- How to complete this task
Leave out the pictures and repeat exactly the lines from the one containing "Putting fruit and" through the end of the records.

(Data excerpts)

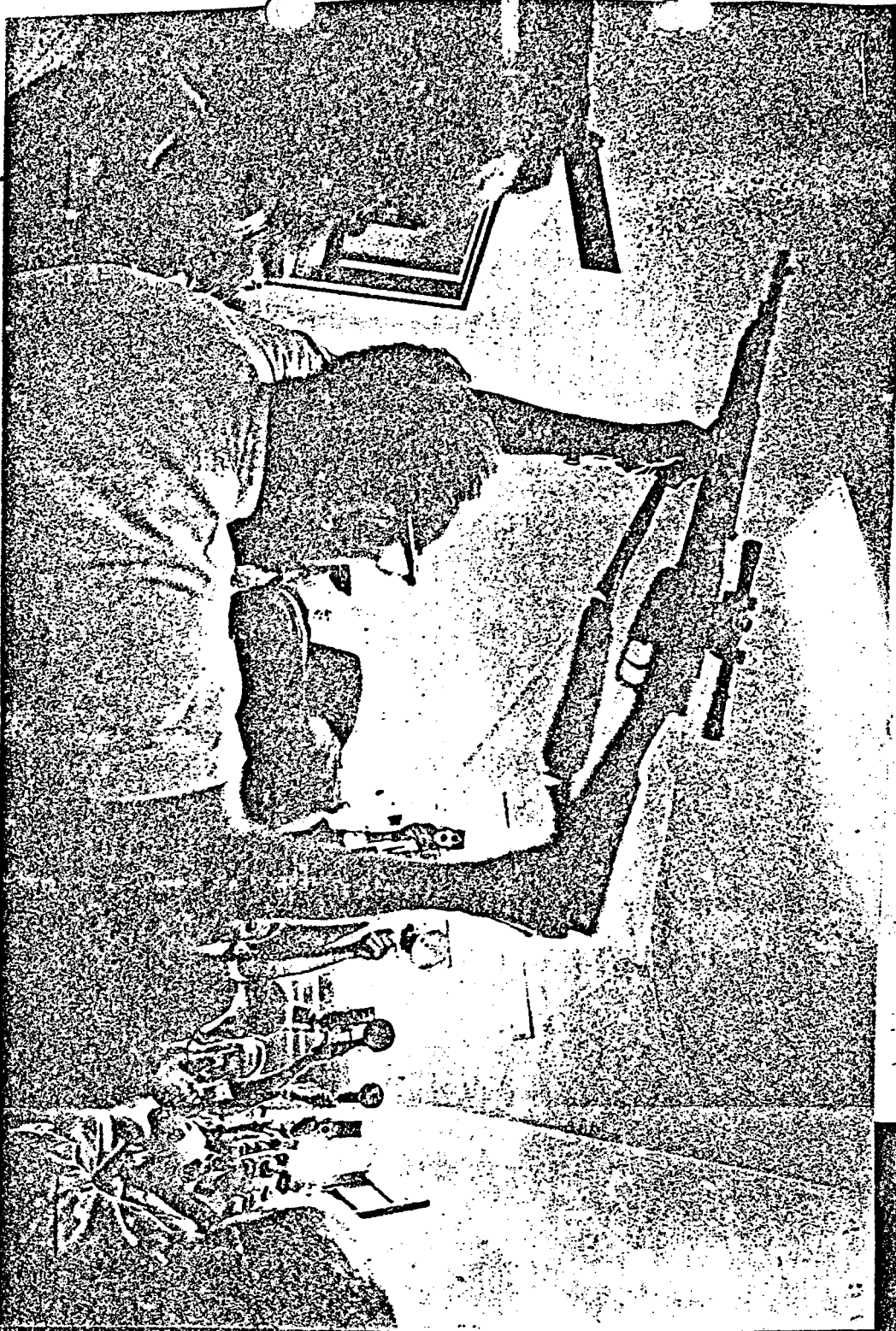
Dallas police officer holds aloft alleged murder weapon.
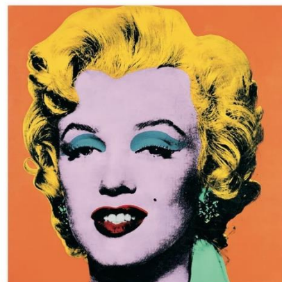
A portrait of Marilyn Monroe by Andy Warhol
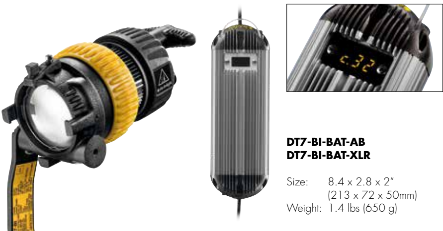
DT7-BI-BAT-AB DT7-BI-BAT-XLR Size: 8.4 x 2.8 x 2" (213 x 72 x 50 mm) Weight: 1.4 lbs (650 g)
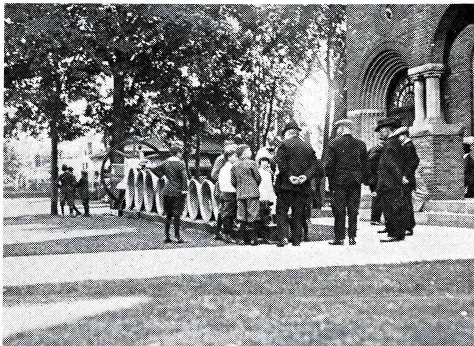
A knot of interested parishioners examines the new chime of bells for the Church of St. James, Red Bank. The bells were displayed in front of the church preparatory to being blessed and installed.

Suburbanization also affected the area, as second and third generation Americans moved out of northern New Jersey's cities and constructed middle-class communities in Middlesex and Somerset counties. Further, the post-World War II period witnessed a large increase in the area's Spanish Catholic community. Dominicans, Cubans, Puerto Ricans, and other Hispanics found jobs in factories and industry, and their experiences offer an interesting
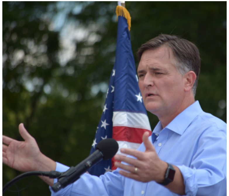
U.S. Rep. Luke Messer posted $735,000 in the third quarter FEC report.

So this is the dilemma for Messer and Rokita. Both
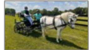
THANKS FOR A FUN TWO YEARS!
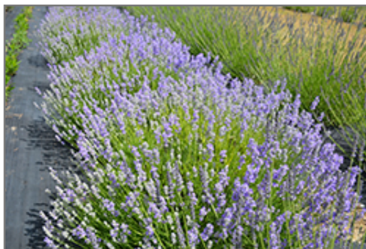
Blue Cushion Lavender in bloom
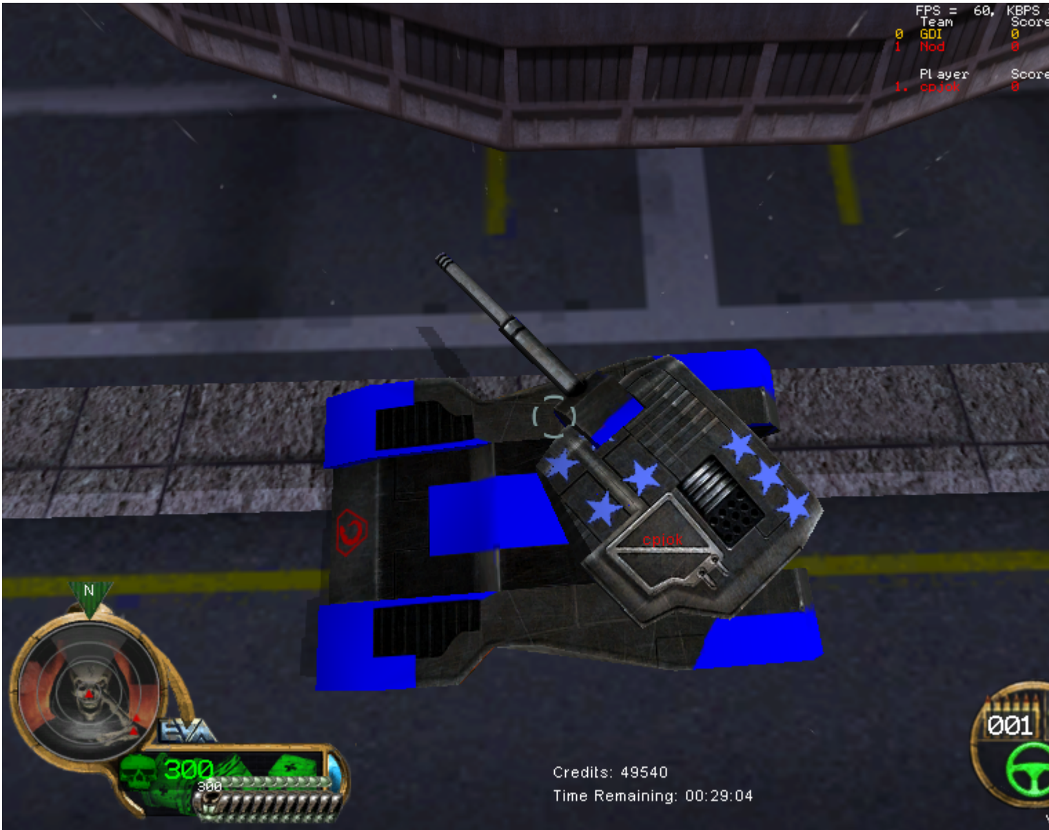
2) ScreenShot40.png , downloaded 314 times
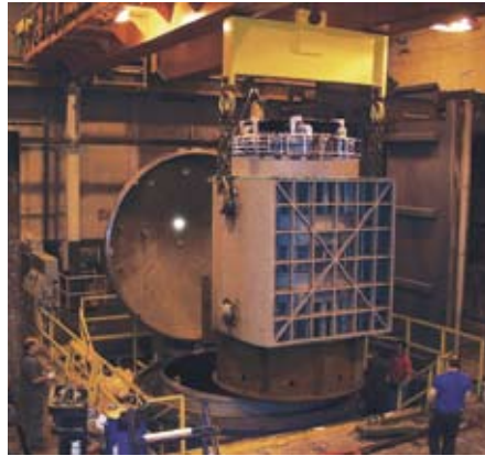
Wound stator entering the VPI tank for impregnation.
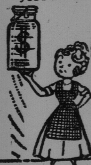
Illustration by courtesy of National War Garden Commission, Washington.

Putting fruit and vegetables in a jar at this time of year is just like putting dollars in the bank. It spells economy and conservation and during the winter months, when we will be asked to save butter for overseas shipment, the foresighted women will rejoice over the good investment they made when the fruit season was on.
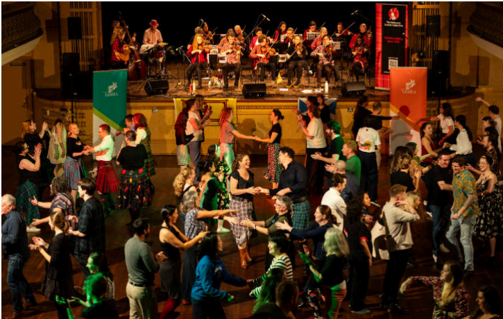
MTF Ceilidh Dance at Collingwood Town Hall

- Worked solution
Putting fruit and vegetables in a jar at this time of year is just like putting dollars in the bank. It spells economy and conservation and during the winter months, when we will be asked to save butter for overseas shipment, the foresighted women will rejoice over the good investment they made when the fruit season was on.
MTF Ceilidh Dance at Collingwood Town Hall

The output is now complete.